The defendant in Wells sought leave to appeal, which was denied by the Court of Appeals (see People v Wells, 10 NY3d 965). While the Court of Appeals rarely provides a reason for denying leave to appeal, it could have granted leave to appeal in Wells if it perceived problems with the First Department's reasoning regarding, inter alia, temporally splitting, in drunk driving cases, the depraved indifference mens rea from the later related actus reus.

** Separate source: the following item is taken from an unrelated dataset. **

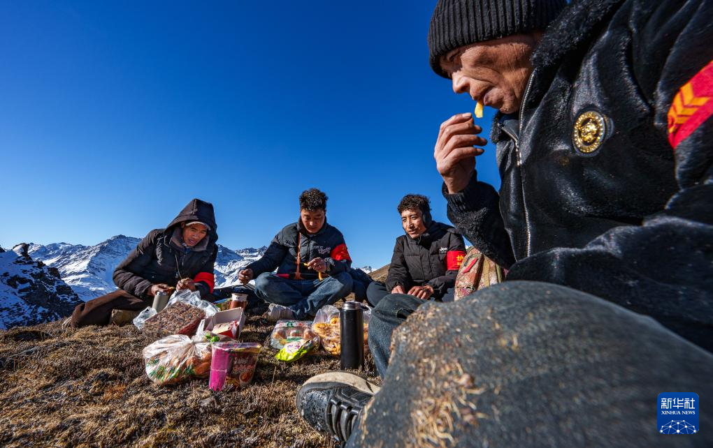 2月6日,在西藏山南市隆子縣玉麥鄉境內,護邊員們在巡邏途中吃午飯。他們圍坐在一片平坦草地,從背包里掏出糌粑、卡塞(一種傳統油炸面食),再喝幾口酥油茶,這就是巡邏護邊途中一頓簡單的午餐。新華社記者 丁增尼達 攝

My colleagues in the majority sidestep the primary issue of this appeal, which is whether intoxication qualifies as a legal defense to a depraved indifference state of mind. Instead, my colleagues are troubled by what they perceive as the temporal remoteness between the defendant's drinking and his driving, notwithstanding that they both occurred in a single evening and constitute a single chain of events. I differ with my colleagues since the issue of whether the time between the defendant's drinking and driving was too lengthy to sustain a conviction never was raised during the trial and is, therefore, unpreserved for appellate review (see CPL 470.05[2]). Moreover, the issue of temporal remoteness is not even specifically raised by the defendant in his appellate brief. In essence, the majority is creating "new law," with which I disagree, that a conviction for a single-evening event should be reversed on the basis of a temporal remoteness standard that is arbitrarily applied and undefined, that conflicts with existing authority from the Court of Appeals (see e.g. People v Kibbe, 35 NY2d 407), and that is contrary to the applicable reasoning of People v Wells (53 AD3d 181).

Therefore, I would affirm the judgment of conviction.